# Aim of the task
Look below for the line with "但快船还有一道坎儿那就是接下" and the line with "San Pedro. pic.twitter.com/k0odJOLvqt". Copy exactly those two lines and every line between, but not the pictures.

# Records shown
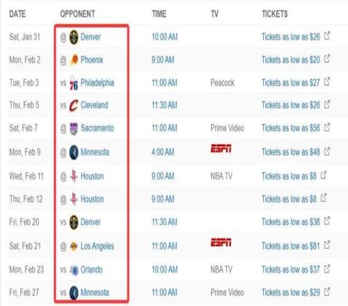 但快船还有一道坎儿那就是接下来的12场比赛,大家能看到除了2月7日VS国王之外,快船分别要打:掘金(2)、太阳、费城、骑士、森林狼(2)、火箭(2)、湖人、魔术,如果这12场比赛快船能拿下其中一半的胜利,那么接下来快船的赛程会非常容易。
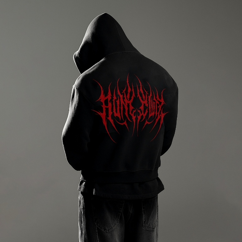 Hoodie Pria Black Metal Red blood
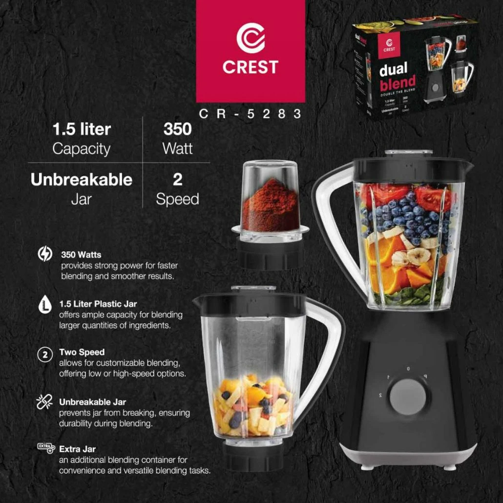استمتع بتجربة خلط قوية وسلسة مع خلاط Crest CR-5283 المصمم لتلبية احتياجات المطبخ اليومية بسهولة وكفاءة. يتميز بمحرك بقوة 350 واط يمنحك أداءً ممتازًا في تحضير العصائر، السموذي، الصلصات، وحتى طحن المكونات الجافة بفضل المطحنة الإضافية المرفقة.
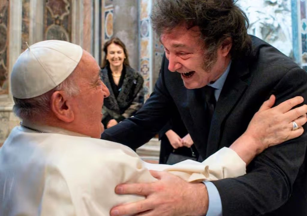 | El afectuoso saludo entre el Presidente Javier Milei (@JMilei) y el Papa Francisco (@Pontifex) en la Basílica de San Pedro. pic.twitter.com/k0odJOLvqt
---
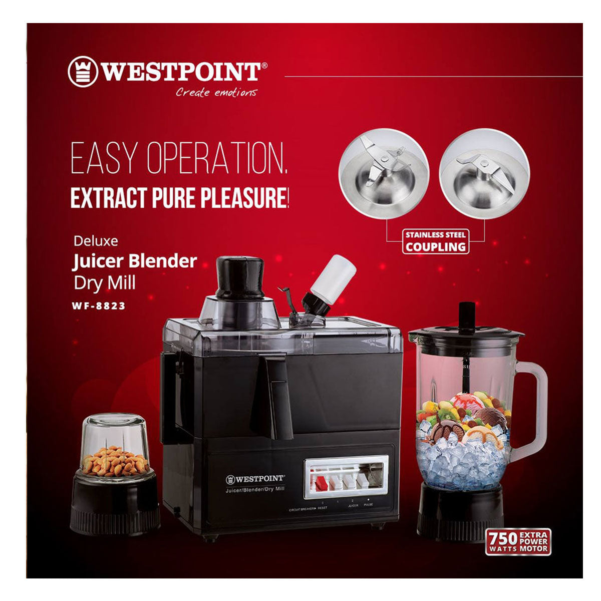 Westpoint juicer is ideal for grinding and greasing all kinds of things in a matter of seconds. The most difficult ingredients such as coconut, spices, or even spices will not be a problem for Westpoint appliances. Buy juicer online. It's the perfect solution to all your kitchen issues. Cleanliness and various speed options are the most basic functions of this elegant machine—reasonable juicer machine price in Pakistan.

# Result
 但快船还有一道坎儿那就是接下来的12场比赛,大家能看到除了2月7日VS国王之外,快船分别要打:掘金(2)、太阳、费城、骑士、森林狼(2)、火箭(2)、湖人、魔术,如果这12场比赛快船能拿下其中一半的胜利,那么接下来快船的赛程会非常容易。
 Hoodie Pria Black Metal Red blood
استمتع بتجربة خلط قوية وسلسة مع خلاط Crest CR-5283 المصمم لتلبية احتياجات المطبخ اليومية بسهولة وكفاءة. يتميز بمحرك بقوة 350 واط يمنحك أداءً ممتازًا في تحضير العصائر، السموذي، الصلصات، وحتى طحن المكونات الجافة بفضل المطحنة الإضافية المرفقة.
 | El afectuoso saludo entre el Presidente Javier Milei (@JMilei) y el Papa Francisco (@Pontifex) en la Basílica de San Pedro. pic.twitter.com/k0odJOLvqt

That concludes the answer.